Monday’s Mtg: What Is Liberty? John Stuart Mill’s Philosophy

John Stuart Mill is one of the most influential moral and social philosophers who ever lived. A towering intellect, his treatises include On Liberty, which dealt with the proper power and limit of the state over the individual, and The Subjugation of Women, which defended equality long before it was fashionable.  Mill’s was a liberal, in the old-fashioned sense of a philosopher defending individual liberty and autonomy against the paternalistic, overweening state that had been the norm up to that point.

Bruce is familiar with Mill’s work (although not with his complicated writings on logic and epistemology, he tells me).  So, Bruce will lead us Monday.  He has been rereading On Liberty and will take us through Mill’s method and conclusions.

Today’s conservatives (at least the well-read ones) frequently cite Mill’s philosophy as one of the founding fathers of their belief system, along with Hayek, Von Mises, et. al.   So, I think we need to understand Mill and even – gasp! – appreciate him, as well as just be able to rebut any of his thoughts that we feel are no longer relevant.



  1. Who was John Stuart Mill?  In what social and political contexts did he live and work?  How do they matter for our interpretation of him today?
  2. What did Mill have to say in On Liberty?  How relevant is it today?
  3. What do we think of Mill’s most famous principles: The “harm principle?” and his version of utilitarianism?  How should they be interpreted for the modern world?



Philosophy rules, if you can understand a word they are saying.


One response

  1. Philosophy only rules because you can pick one that feels good to you and then justify it by adding rationalizing arguments in your favor.
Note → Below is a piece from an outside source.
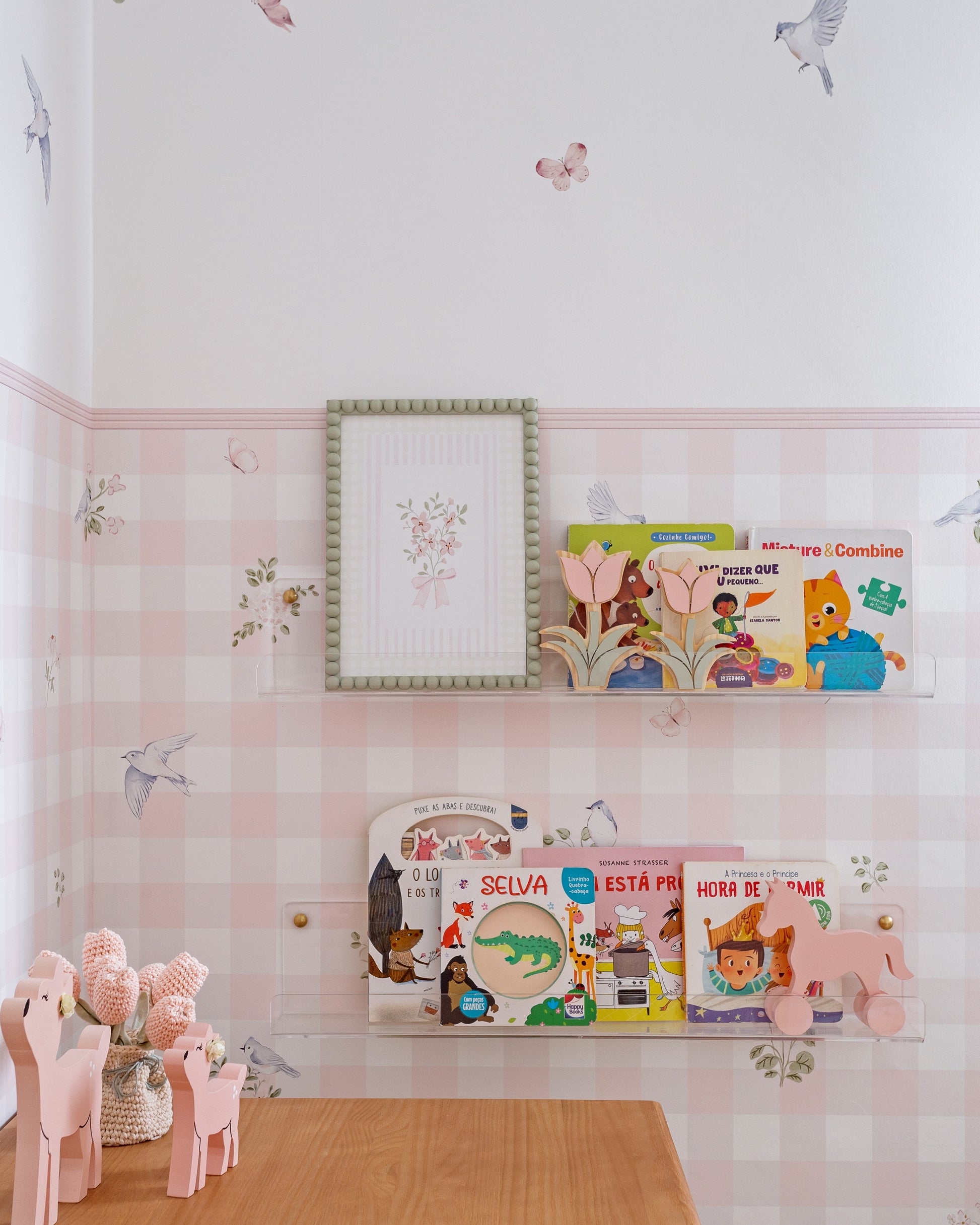 A Prateleira de Acrílico é uma solução leve e elegante para organizar o quarto infantil. Seu design transparente valoriza livros e objetos, mantendo a decoração suave. Uma peça funcional e delicada, pensada para compor o espaço com leveza e intenção.

If you really wanted to get something close to a workable solution, you would take each idea and treat it as a scientific hypothesis and (honestly) check if it gave the claimed benefits or not.

    Take, for example the ever-popular (among the ruling elite) “tyranny of the majority”. Mill’s claim is that it is harder to protect against “the tyranny of the prevailing opinion and feeling” than against a tyrant. Does history support such a claim? Not from what I have seen. There have been innumerable instances of an aggressive individual or group taking action against a despised outside group, but I cannot find a situation where the majority actually rose up to do so. What always seems to happen is that a small group takes action and the majority do nothing and hope for the best. It looks to me that if a system was in place that required the majority to agree to any proposed action before it could take place, the vast majority of the worlds pogroms and harassment would never have taken place.

    Unfortunately, it takes a lot more work, not to mention honesty and self-control, to do a scientific check of one’s ideas than to simply think up arguments in its favor, so I guess that philosophy will continue to rule for the foreseeable future in establishing public policy. But it shouldn’t.